TreeKnit infers the ARG by finding the branches that are common to both trees. Given two trees with potentially different topologies, it tries to "glue" them together in a reasonable way, where the interpretation of reasonable can vary between parsimonious and conservative (see the parsimony parameter $\gamma$).

The MCCs returned by run_treeknit! represent regions of the ARG (and of the segment trees) where branches are common to both trees. In other words, these are the regions where the two segment trees must be "glued together". Given those regions and the knowledge of the trees, it is possible to unambiguously reconstruct the genealogy.

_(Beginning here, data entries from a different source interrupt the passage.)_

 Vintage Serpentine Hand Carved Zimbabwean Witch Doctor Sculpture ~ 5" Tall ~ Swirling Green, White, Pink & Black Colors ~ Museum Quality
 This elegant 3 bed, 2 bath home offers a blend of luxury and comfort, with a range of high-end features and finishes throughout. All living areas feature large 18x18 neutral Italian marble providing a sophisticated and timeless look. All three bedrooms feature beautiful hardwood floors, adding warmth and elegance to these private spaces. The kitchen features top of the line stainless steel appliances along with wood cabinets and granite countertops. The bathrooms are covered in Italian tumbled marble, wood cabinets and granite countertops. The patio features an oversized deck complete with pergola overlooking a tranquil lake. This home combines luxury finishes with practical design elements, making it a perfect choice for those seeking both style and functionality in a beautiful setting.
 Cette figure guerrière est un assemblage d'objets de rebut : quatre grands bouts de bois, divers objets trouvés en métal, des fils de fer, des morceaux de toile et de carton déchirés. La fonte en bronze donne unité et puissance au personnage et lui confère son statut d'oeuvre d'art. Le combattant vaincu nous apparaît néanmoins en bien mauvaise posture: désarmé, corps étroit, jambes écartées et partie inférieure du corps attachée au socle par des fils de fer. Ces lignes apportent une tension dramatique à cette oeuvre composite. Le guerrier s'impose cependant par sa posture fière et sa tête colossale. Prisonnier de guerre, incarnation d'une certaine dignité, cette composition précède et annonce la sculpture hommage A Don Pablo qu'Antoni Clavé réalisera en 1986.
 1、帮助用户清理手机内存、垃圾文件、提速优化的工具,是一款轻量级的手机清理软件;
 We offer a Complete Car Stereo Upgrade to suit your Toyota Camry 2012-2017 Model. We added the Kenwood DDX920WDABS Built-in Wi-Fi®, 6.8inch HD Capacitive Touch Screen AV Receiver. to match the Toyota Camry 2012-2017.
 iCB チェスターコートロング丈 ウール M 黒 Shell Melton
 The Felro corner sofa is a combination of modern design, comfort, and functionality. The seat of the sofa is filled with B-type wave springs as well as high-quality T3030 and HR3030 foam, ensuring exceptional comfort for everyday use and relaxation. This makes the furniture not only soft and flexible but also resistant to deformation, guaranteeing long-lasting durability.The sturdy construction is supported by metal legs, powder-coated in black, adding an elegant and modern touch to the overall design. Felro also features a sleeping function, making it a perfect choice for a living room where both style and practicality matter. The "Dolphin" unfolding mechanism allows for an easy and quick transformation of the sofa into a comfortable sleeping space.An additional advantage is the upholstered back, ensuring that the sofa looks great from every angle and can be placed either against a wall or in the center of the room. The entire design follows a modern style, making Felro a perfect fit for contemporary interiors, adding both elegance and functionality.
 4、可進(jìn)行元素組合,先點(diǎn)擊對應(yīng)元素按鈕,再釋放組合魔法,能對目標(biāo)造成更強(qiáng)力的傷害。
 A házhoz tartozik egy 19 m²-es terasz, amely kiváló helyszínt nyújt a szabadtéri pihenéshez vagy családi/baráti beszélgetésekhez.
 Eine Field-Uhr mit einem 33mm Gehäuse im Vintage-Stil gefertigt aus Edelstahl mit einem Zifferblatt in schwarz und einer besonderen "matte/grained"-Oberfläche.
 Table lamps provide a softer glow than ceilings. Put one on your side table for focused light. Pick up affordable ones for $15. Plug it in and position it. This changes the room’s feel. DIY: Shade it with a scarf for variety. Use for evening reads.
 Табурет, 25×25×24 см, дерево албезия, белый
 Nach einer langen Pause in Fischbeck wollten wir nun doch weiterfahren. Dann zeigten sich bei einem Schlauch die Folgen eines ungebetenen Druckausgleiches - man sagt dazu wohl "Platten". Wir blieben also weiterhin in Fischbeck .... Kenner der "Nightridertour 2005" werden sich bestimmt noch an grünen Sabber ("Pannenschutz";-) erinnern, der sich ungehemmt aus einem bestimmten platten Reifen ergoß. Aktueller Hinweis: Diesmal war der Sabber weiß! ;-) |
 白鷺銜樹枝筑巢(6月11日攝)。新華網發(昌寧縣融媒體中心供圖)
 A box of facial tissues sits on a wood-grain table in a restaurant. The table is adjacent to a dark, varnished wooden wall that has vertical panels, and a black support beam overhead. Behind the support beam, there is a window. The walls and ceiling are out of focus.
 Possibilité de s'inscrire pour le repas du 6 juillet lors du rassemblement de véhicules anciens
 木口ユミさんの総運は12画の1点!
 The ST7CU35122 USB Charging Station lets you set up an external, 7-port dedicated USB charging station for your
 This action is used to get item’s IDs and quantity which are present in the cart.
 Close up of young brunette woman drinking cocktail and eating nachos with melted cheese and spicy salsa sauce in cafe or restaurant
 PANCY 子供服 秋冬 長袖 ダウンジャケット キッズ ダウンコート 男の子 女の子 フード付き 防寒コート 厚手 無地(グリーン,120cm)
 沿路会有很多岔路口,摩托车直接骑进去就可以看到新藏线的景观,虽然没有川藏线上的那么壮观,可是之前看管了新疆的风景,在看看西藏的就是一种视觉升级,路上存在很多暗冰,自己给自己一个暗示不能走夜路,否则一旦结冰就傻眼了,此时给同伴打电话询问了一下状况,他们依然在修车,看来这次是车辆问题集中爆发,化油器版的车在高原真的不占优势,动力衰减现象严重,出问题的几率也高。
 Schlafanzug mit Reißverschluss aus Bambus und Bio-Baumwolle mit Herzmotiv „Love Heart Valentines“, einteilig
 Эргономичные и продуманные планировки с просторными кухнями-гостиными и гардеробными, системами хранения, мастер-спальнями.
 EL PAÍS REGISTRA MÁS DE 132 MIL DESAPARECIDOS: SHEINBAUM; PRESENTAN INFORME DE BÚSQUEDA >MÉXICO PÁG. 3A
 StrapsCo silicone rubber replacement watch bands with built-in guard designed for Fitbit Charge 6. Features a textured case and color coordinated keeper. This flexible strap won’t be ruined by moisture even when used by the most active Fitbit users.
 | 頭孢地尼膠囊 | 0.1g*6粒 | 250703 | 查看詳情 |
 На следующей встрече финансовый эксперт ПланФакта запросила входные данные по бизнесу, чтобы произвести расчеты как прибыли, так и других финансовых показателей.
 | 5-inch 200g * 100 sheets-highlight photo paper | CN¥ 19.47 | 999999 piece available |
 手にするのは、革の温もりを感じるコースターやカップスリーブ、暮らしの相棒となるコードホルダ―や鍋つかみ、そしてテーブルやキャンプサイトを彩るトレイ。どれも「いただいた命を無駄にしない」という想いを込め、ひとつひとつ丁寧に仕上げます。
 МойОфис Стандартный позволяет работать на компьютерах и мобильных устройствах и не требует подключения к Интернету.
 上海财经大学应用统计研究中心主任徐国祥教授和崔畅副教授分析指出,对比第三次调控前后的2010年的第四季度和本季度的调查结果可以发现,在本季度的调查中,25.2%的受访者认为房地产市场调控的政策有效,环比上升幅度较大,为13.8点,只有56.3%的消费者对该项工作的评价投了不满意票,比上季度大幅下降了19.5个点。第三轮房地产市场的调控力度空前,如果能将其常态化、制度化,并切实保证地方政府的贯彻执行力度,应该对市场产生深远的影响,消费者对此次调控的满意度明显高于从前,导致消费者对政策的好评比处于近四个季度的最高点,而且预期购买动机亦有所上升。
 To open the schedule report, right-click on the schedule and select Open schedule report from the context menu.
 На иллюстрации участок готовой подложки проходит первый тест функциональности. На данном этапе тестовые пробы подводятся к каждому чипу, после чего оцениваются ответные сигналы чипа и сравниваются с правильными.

Number of reassortments in the genealogy

When going up the ARG (backwards in time), a reassortment consists of passing from a region where branches are common to the two trees to a region where they are not. It is a split of branches. As a consequence, the root of each MCC must be a reassortment, with the exception of an MCC containing the root of both trees. The number of reassortments events in the inferred ARG can thus simply be obtained by counting the number of MCCs, potentially removing the one that contains the roots of both trees if it exists.

Naive estimation

It is also possible to compute a "naive" estimation of MCCs using the naive keyword. When naive is set to true, run_treeknit! returns maximum clades that are exactly compatible between pairs of trees:

t1 = parse_newick_string("(((A1,A2),(B1,B2)),(C1,C2));"; label="t1")
t2 = parse_newick_string("(((A1,A2),(C1,C2)),(B1,B2));"; label="t2")
run_treeknit!(t1, t2; naive=true)
MCC_set(2, ["t1", "t2"], Dict{Set{String}, Vector{Vector{String}}}(Set(["t2", "t1"]) => [["A1", "A2"], ["B1", "B2"], ["C1", "C2"]]))